Five new styles have been defined for the table of contents. The first
is the contentsheader
style (see contentsheader style),
which is used to specify how the contents should be placed and the
title that should be given to it. The others correspond to the four
heading levels and are contents1
, contents2
,
contents3
and contents4
. These styles are chosen as
appropriate while the table of contents is being made. Do not declare
them in a semantic-action file. See the canonical.cfg file for
the current default definitions of all these styles.
The table of contents will be placed where the xml tag is that you
declared in the contentsheader
semantic action (see contentsheader). It begins on a new page.
After it is completed the braille page number is reset to
beginningBraillePageNumber
and another new page is started.
This means that the xml tag with the contentsheader
semantic
action should occur at the end of the information which you want to be
at the head of the output, such as a title page, dedication, etc.
It is not necessary that an xml file contain a tag with the
contentsheader
semantic action. If the file contains headers
you can obtain a table of contents by specifying contents yes
in a configuration file or -Ccontents=yes on the command line
of xml2brl. In this case, the table of contents will appear
at the beginning of the output. Pages will be numbered beginning with
1. When the table of contents is complete, the material in the file
will start on a new page and the page number will be the value given
in beginningBraillePageNumber
.
The contents1
, etc. styles all have the format contents
setting. This is a variant of the leftJustified
format. It has
been necessary to change the way firstLineIndent
is handled to
accommodate multilevel lists. Up till now, if firstLineIndent
was negative, the first line would start at the real left margin,
regardless of the value of leftMargin
. Now the value of
firstLineIndent
is simply added to leftMargin
. This
means that if it is negative it is really subtracted. For example, if
leftMargin
is 4 and firstLineIndent
is -2 the first line
will start in cell 2.
The Nemeth Code of Braille Mathematical and Science Notation has been implemented. Other braille mathematics codes can be implemented by following the same pattern. The Nemeth Code implementation is discussed as an example below.
Four tables are used to translate xml documents containing a mixture of text and mathematics into the Nemeth code. They can be found in the subdirectory lbx_files of the liblouisxml directory. First, the semantic-action file nemeth.sem is used to interpret the mathematical portions of the xml document (The text portions are interpreted by another semantic-action file which will not be discussed here). After the math and text have been interpreted, two liblouis tables, nemeth.ctb and en-mathtext.ctb are used to translate them. Each piece of mathematics or text is translated separately and the pieces are strung together with blanks between them. This results in inaccuracies where mathematics meets text. The fourth table, also a liblouis table, is used to remove these inaccuracies. It is called edittable.ctb, and it does things like removing the multi-purpose indicator before a blank, inserting the punctuation indicator before a punctuation mark following a math expression, and removing extra spaces.

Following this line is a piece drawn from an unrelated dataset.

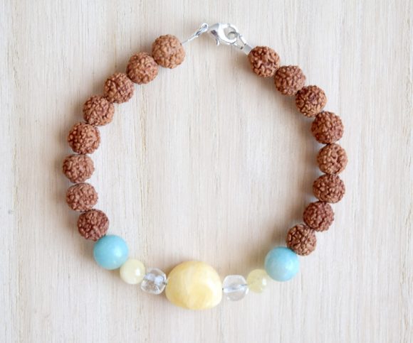 Materijali: netretirano poludrago kamenje A kvalitete: žuti kalcit 6mm i 8×10 mm, facetirani gorski kristal 6 mm, amazonit 8 mm, certificirana prirodna netretirana zrna rudrakše 6-7 mm, sajla, kopčica.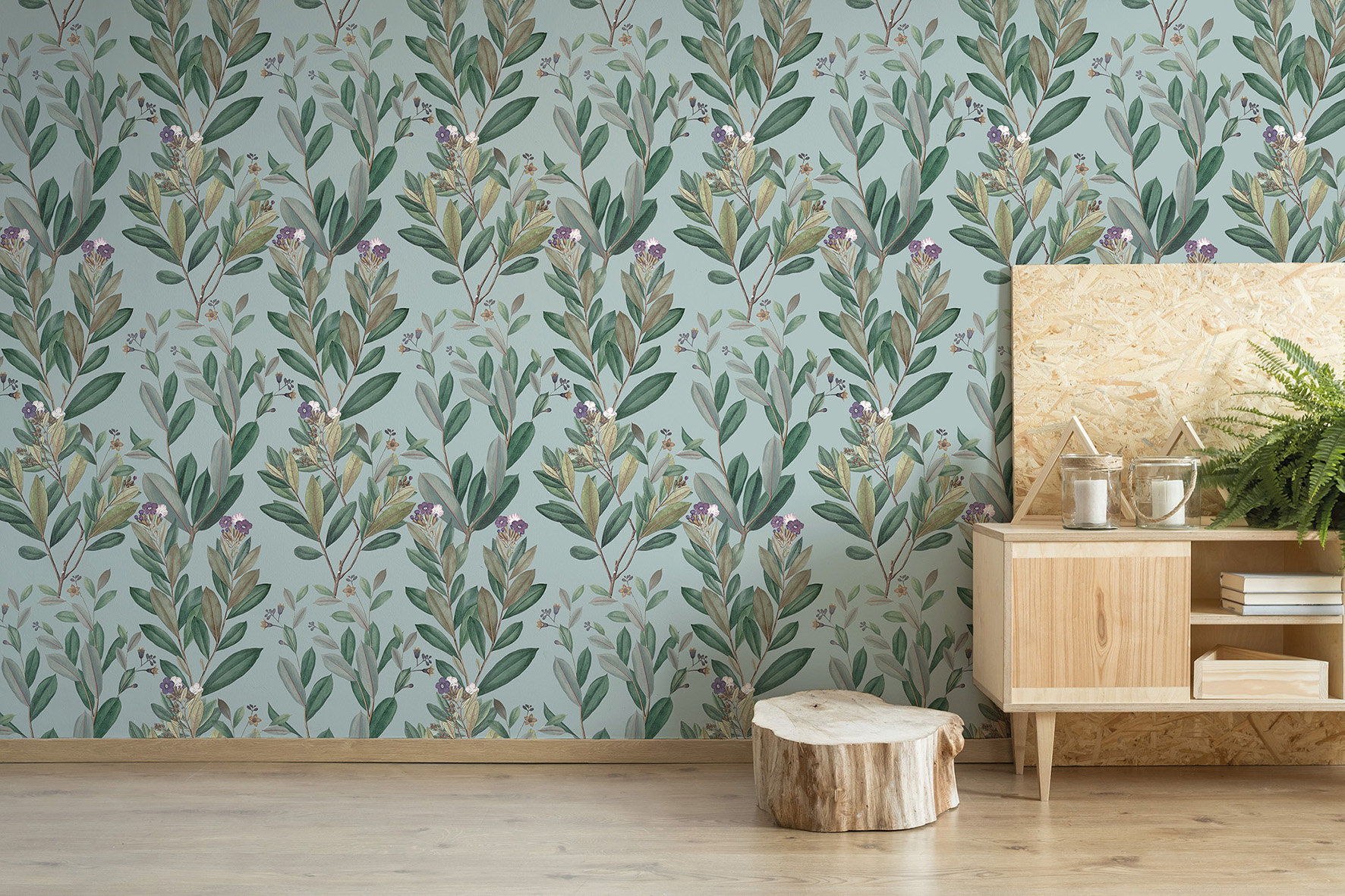 Romantikus levél és virág mintájával látványosan dekorálja a falat a tapéta. Lenyűgöző látványát különösen több panel egymás mellé helyezésével adja.

The general format and use of semantic-action files were discussed in the previous section, (see Connecting with the xml Document - Semantic-Action Files). In this section we shall concentrate on the optional third column, which is used a lot in nemeth.sem. While the first two columns can be generated by liblouisxml but must be edited by a person, the third column must always be provided by a human.
As previously stated, the third column tells liblouisxml what characters to insert to inform liblouis how to translate the math expression. Look at the following line:
mfrac mfrac ^?,/,^#
You will see that the third column contains two commas. This means
that it has three subcolumns. A fraction has a numerator and a
denominator. These are called children of the mfrac
element.
The first subcolumn specifies the characters that liblouisxml should
place in front of the numerator. The second subcolumn gives the
characters to be placed between the numerator and denominator.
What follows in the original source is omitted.